Most of DCK's members owe their past success to the president's backing, while Jandosov is related to Nazarbaev, Kazak sources say. So although Jandosov and others were removed from office after DCK's creation, the new movement is unlikely to cause Nazarbaev too many problems. His main political threat remains ex-prime minister Akezhan Kazhegeldin, a wealthy former KGB officer. Although Kazhegeldin lives in exile in Europe, he continues to undermine the Kazak regime through a combination of mud-slinging over the internet and slick public relations.
The Kazak government has made several secret attempts to mediate with Kazhegeldin, so far unsuccessfully. One of the emissaries has been Rakhat Aliev, Nazarbaev's eldest son-in-law, who was until recently considered one of the country's key political players. But in a series of bizarre developments in November, Aliev was forced to resign as deputy head of Kazak National Security (KNB) before reportedly being put under house arrest. A few days later, he was named deputy head of the president's security apparatus. Quite what Aliev did to irk his father-in-law is a mystery, although a subsequent purge of the security and defense ministries hints at an internal power struggle.
Aliev, also a leading player in the local sugar industry, is believed to be a key backer of Mangistaumunaigas (MMG), the 90,000 barrel per day oil producer that is becoming an economic force to be reckoned with. In late 2001, MMG won a tender to buy the government's remaining 33% stake in Halyk, the former state savings bank, submitting a last-minute bid that was some $4 million above the asking price. The result was a surprise, since the clear favorite had been KKB, which was planning to merge with Halyk through a series of cross-shareholdings. KKB's bid was backed by another Nazarbaev son-in-law, Timur Kulibaev, who already controls some of Halyk's shares and is eager to expand his oil-driven business empire.
Less than a month later, the Kazak stock exchange announced that three little-known Kazak companies - Dakot, 24 Karat, and Argys - had snapped up a combined 23.3% of Halyk's equity, but would not name the ultimate beneficiaries. All three companies are registered in Kazakstan and one, Argys, is involved in oil trading.
MMG is currently involved in a three-way battle for control of the oil sector with oil and gas pipeline operator Transneftegas (TNG) and other companies controlled by Kulibaev, and state-owned Kazakoil. All are lobbying for favors. Kazakoil boss Nurlan Balgimbaev recently asked Nazarbaev to help his company expand at home and overseas, perhaps mindful of the fact that Kazakoil's vice president, Kairat Satybaldy, is the president's nephew. MMG is meanwhile reported to have written to Prime Minister Kosymzhomart Tokaev complaining that TNG subsidiary Kaztransoil is obstructing its crude shipments from the Caspian port of Aktau.

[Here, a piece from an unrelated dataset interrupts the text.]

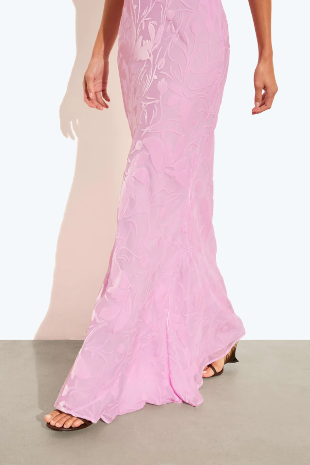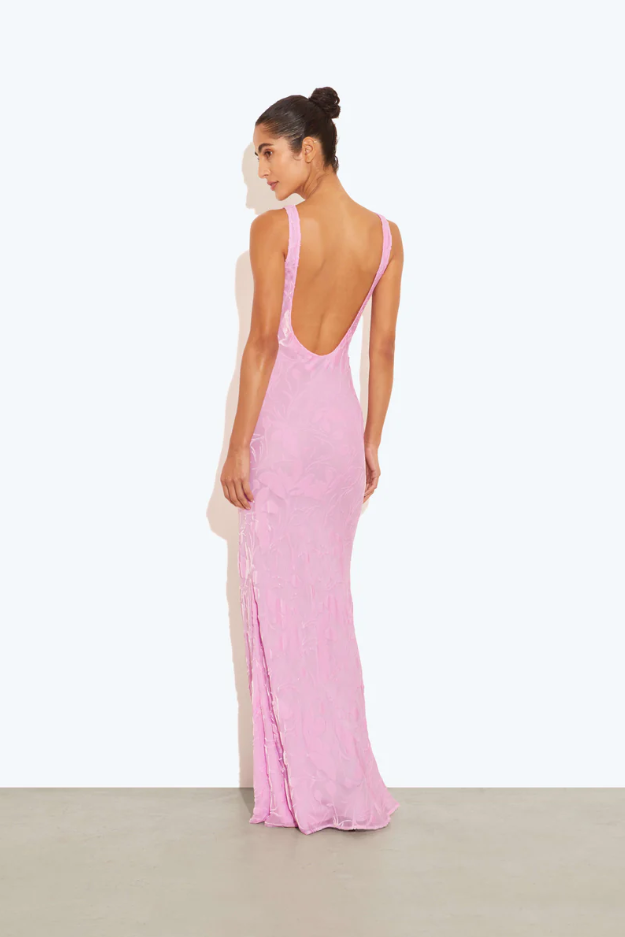 Amaris is our falling flower devore velvet dress, a playful new motif for the season. Cut on the bias from smooth, silky, figure-hugging viscose and fully lined, she’s a cool and simple choice for magic moments.

Besides these three heavyweights, other influential players include the Eurasia Group, a private metals conglomerate owned by two Belgian citizens, Alexander Mashkevich and Fatokh Shodiev, and a Kazak, Alidjan Ibragimov. Eurasia used to partner Belgium's Tractebel in its now-defunct concession to manage Kazakstan's gas pipeline network. The group is also a shareholder in Ukraine's Black Sea Kherson refinery, which is now controlled by Kazakoil.